Set down the data below without change, skipping the pictures it holds.

(Given entries)

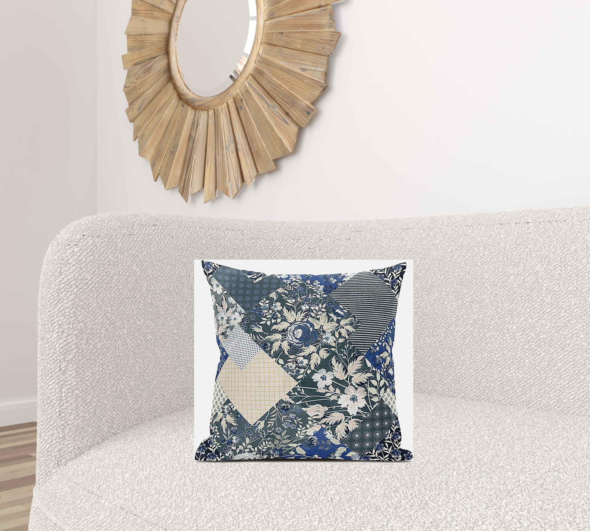 Make a bold statement into your living space with this Gray Cream Floral Suede Throw Pillow that will add an element of style and elegance to your home. With patches of floral and geometric design in deep gray, blue, and cream, this pillow is bound to grab attention. This blown pillow features a high-quality polyfill insert from optimum comfort while making the piece super fluffy for a luxurious feel on the touch. Made in the United States from top-notch suede fabric, which is highly durable to last for a long time, while the soft and smooth surface texture provides a glossy sheen for a plush appearance. Pair this decorative throw pillow with neutral-toned decors for a striking contrast in your contemporary or bohemian space. 18” x 18” x 5”
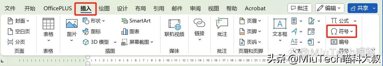 这个方法基本适用于大多数特殊符号。以Word文档为例,打开一个文档,在上方菜单栏选择插入,找到并点击符号:
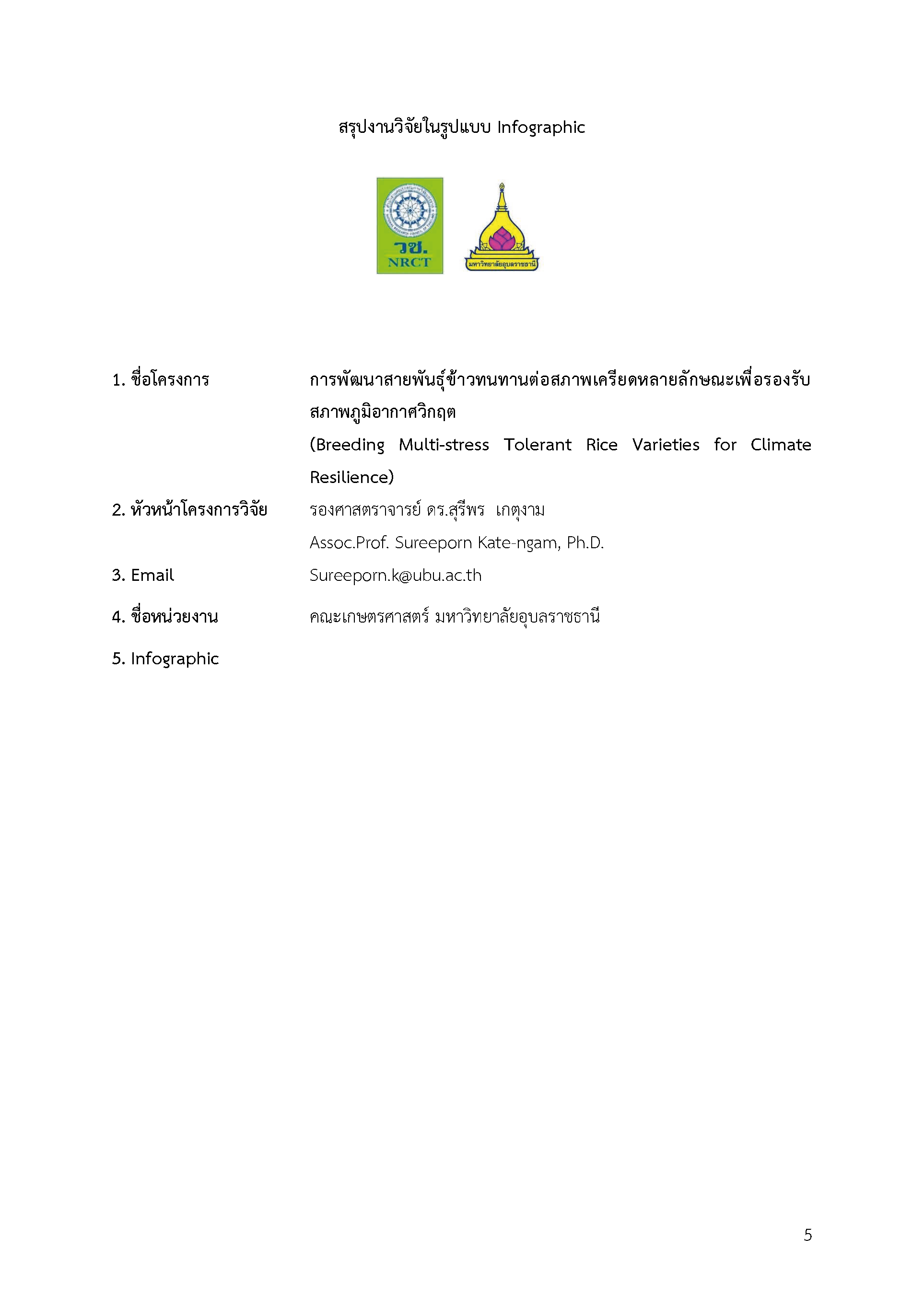 | ชื่อโครงการวิจัย/ชื่อเรื่อง | การพัฒนาสายพันธุ์ข้าวทนทานต่อสภาพเครียดหลายลักษณะเพื่อรองรับสภาพภูมิอากาศวิกฤต |
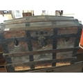 An Antique dome top trunk with wood and metal binding the interior with a detachable tray. 79cm long.
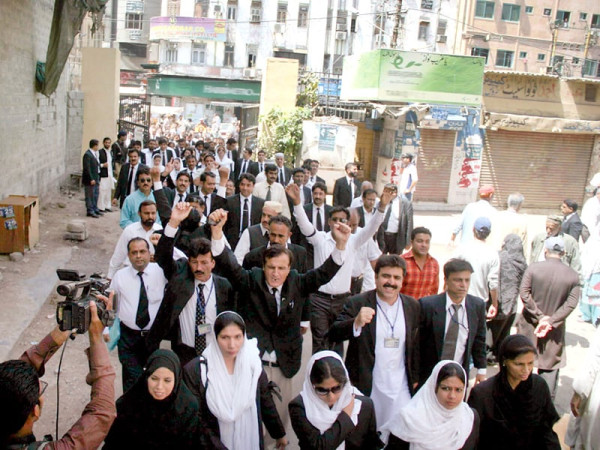 وقار الحسن شاہ ایڈووکیٹ کی ٹارگٹ کلنگ کے خلاف وکلا احتجاج کر رہے ہیں۔ فوٹو: ایکسپریس

(End Given entries)

**Reply:**
 Make a bold statement into your living space with this Gray Cream Floral Suede Throw Pillow that will add an element of style and elegance to your home. With patches of floral and geometric design in deep gray, blue, and cream, this pillow is bound to grab attention. This blown pillow features a high-quality polyfill insert from optimum comfort while making the piece super fluffy for a luxurious feel on the touch. Made in the United States from top-notch suede fabric, which is highly durable to last for a long time, while the soft and smooth surface texture provides a glossy sheen for a plush appearance. Pair this decorative throw pillow with neutral-toned decors for a striking contrast in your contemporary or bohemian space. 18” x 18” x 5”
 这个方法基本适用于大多数特殊符号。以Word文档为例,打开一个文档,在上方菜单栏选择插入,找到并点击符号:
 | ชื่อโครงการวิจัย/ชื่อเรื่อง | การพัฒนาสายพันธุ์ข้าวทนทานต่อสภาพเครียดหลายลักษณะเพื่อรองรับสภาพภูมิอากาศวิกฤต |
 An Antique dome top trunk with wood and metal binding the interior with a detachable tray. 79cm long.
 وقار الحسن شاہ ایڈووکیٹ کی ٹارگٹ کلنگ کے خلاف وکلا احتجاج کر رہے ہیں۔ فوٹو: ایکسپریس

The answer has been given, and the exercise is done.